Und so wird das »Aufdecken der Sünde« gleichzeitig zur Überzeugung, daß die Sünden verziehen werden und der Mensch erneut der Würde des von Gott geliebten Sohnes entsprechen kann. »Im Kreuz neigt sich Gott am tiefsten zum Menschen herab … Im Kreuz werden gleichsam von einem heiligen Hauch der ewigen Liebe die schmerzlichsten Wunden der irdischen Existenz des Menschen berührt« (Dives in misericordia, 8). An diese Wahrheit wird stets der Grundstein dieses Heiligtums erinnern, der vom Kalvarienberg stammt; er wurde gewissermaßen unter jenem Kreuz hervorgeholt, auf dem Jesus Christus die Sünde und den Tod besiegt hat.

Ich glaube fest daran, daß dieses neue Heiligtum stets ein Ort sein wird, an dem die Menschen im Geist und in der Wahrheit Gott gegenübertreten. Sie werden mit jenem Vertrauen kommen, das diejenigen stärkt, die demütig ihr Herz dem barmherzigen Wirken Gottes öffnen, mit jener Liebe, die auch die schwerste Sünde nicht besiegen kann. Hier, im Feuer der göttlichen Liebe, brennen die Herzen im Verlangen nach Bekehrung, und jeder, der Hoffnung sucht, wird Trost finden.

5. »Ewiger Vater, ich opfere Dir den Leib und das Blut auf, die Seele und die Gottheit Deines geliebten Sohnes, unseres Herrn Jesus Christus, als Sühne für unsere Sünden und die der ganzen Welt. Um Seines schmerzhaften Leidens willen habe Erbarmen mit uns und mit der ganzen Welt« (Tagebuch, 476). Mit uns und mit der ganzen Welt …Wie dringend braucht die heutige Welt das Erbarmen Gottes!
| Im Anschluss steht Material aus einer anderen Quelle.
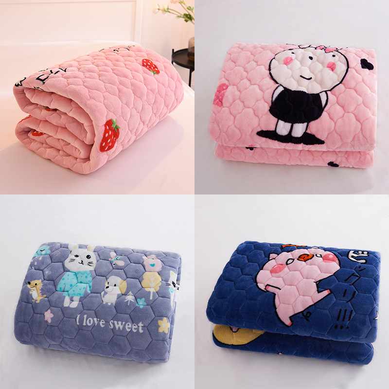 牛奶绒加绒厚毛毯冬季保暖家用床褥垫被珊瑚绒床单三件套床盖床垫

Aus der Tiefe des menschlichen Leids erhebt sich auf allen Erdteilen der Ruf nach Erbarmen. Wo Haß und Rachsucht vorherrschen, wo Krieg das Leid und den Tod unschuldiger Menschen verursacht, überall dort ist die Gnade des Erbarmens notwendig, um den Geist und das Herz der Menschen zu versöhnen und Frieden herbeizuführen. Wo das Leben und die Würde des Menschen nicht geachtet werden, ist die erbarmende Liebe Gottes nötig, in deren Licht der unfaßbare Wert jedes Menschen zum Ausdruck kommt. Wir bedürfen der Barmherzigkeit, damit jede Ungerechtigkeit in der Welt im Glanz der Wahrheit ein Ende findet.
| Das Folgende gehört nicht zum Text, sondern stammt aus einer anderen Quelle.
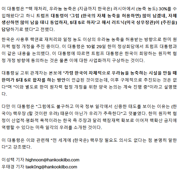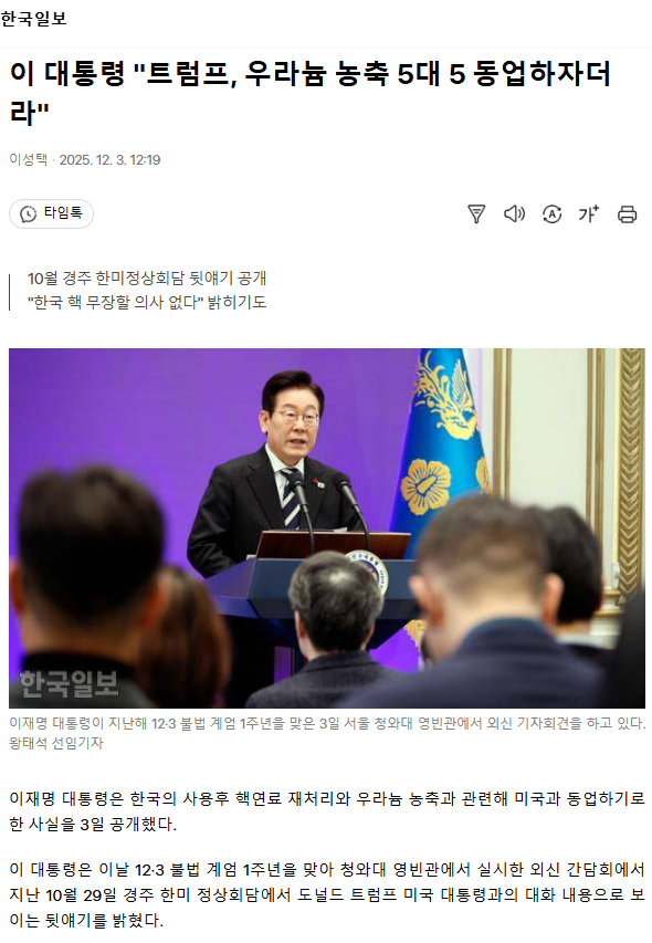 이 대통령 "트럼프, 우라늄 농축 5대 5 동업하자더라"

In diesem Heiligtum möchte ich daher heute die Welt feierlich der Barmherzigkeit Gottes weihen mit dem innigen Wunsch, daß die Botschaft von der erbarmenden Liebe Gottes, die hier durch Schwester Faustyna verkündet wurde, alle Menschen der Erde erreichen und ihre Herzen mit Hoffnung erfüllen möge. Jene Botschaft möge, von diesem Ort ausgehend, überall in unserer geliebten Heimat und in der Welt Verbreitung finden. Möge sich die Verheißung des Herrn Jesus Christus erfüllen: Von hier wird »ein Funke hervorgehen, der die Welt auf Mein endgültiges Kommen vorbereitet« (vgl. Tagebuch, 1732).
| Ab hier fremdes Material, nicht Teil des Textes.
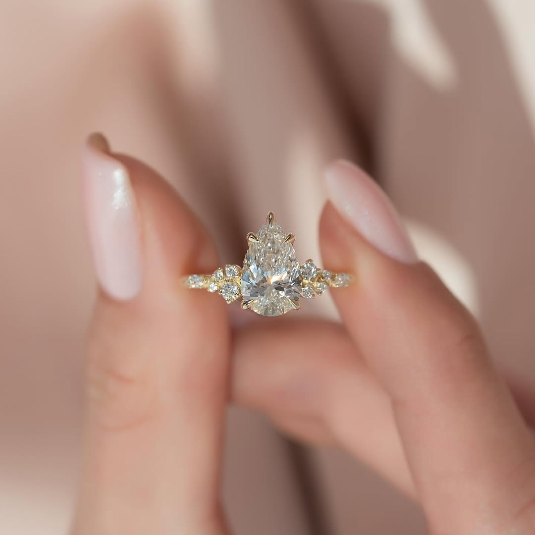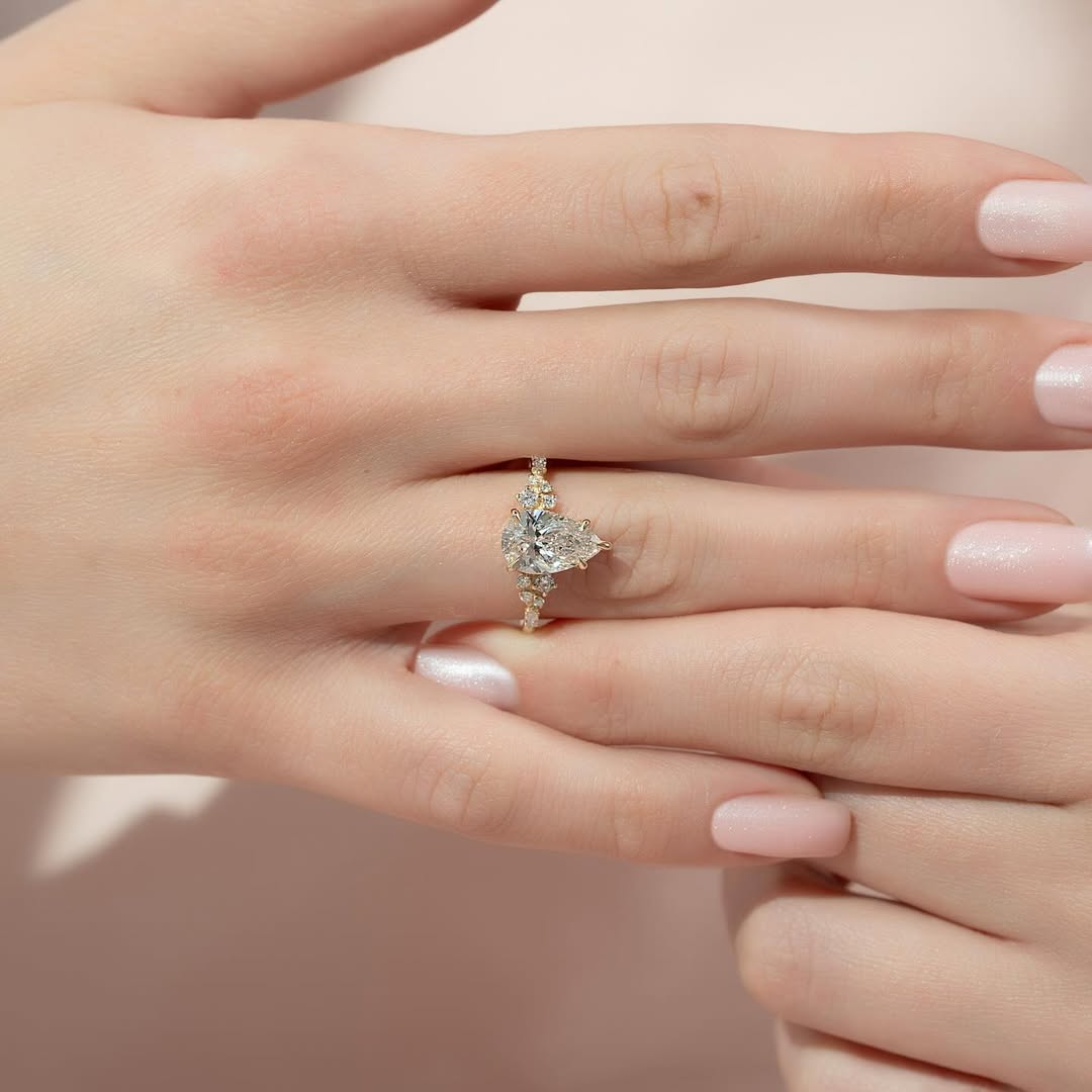 2.0CT Pear Diamond Hidden Halo Cluster Setting Lab Grown Engagement Ring

Diesen Funken der Gnade Gottes müssen wir entfachen und dieses Feuer des Erbarmens an die Welt weitergeben. Im Erbarmen Gottes wird die Welt Frieden und der Mensch Glückseligkeit finden! Euch, lieben Brüdern und Schwestern, der Kirche in Krakau und Polen und allen, die die Barmherzigkeit Gottes verehren und aus Polen und der ganzen Welt diesen Ort aufsuchen, vertraue ich diese Aufgabe an. Seid Zeugen der Barmherzigkeit!

6. Gott, barmherziger Vater,
der Du Deine Liebe in Deinem Sohn Jesus Christus offenbart
und über uns ausgegossen hast im Heiligen Geist, dem Tröster,
Dir vertrauen wir heute die Geschicke der Welt und jedes Menschen an.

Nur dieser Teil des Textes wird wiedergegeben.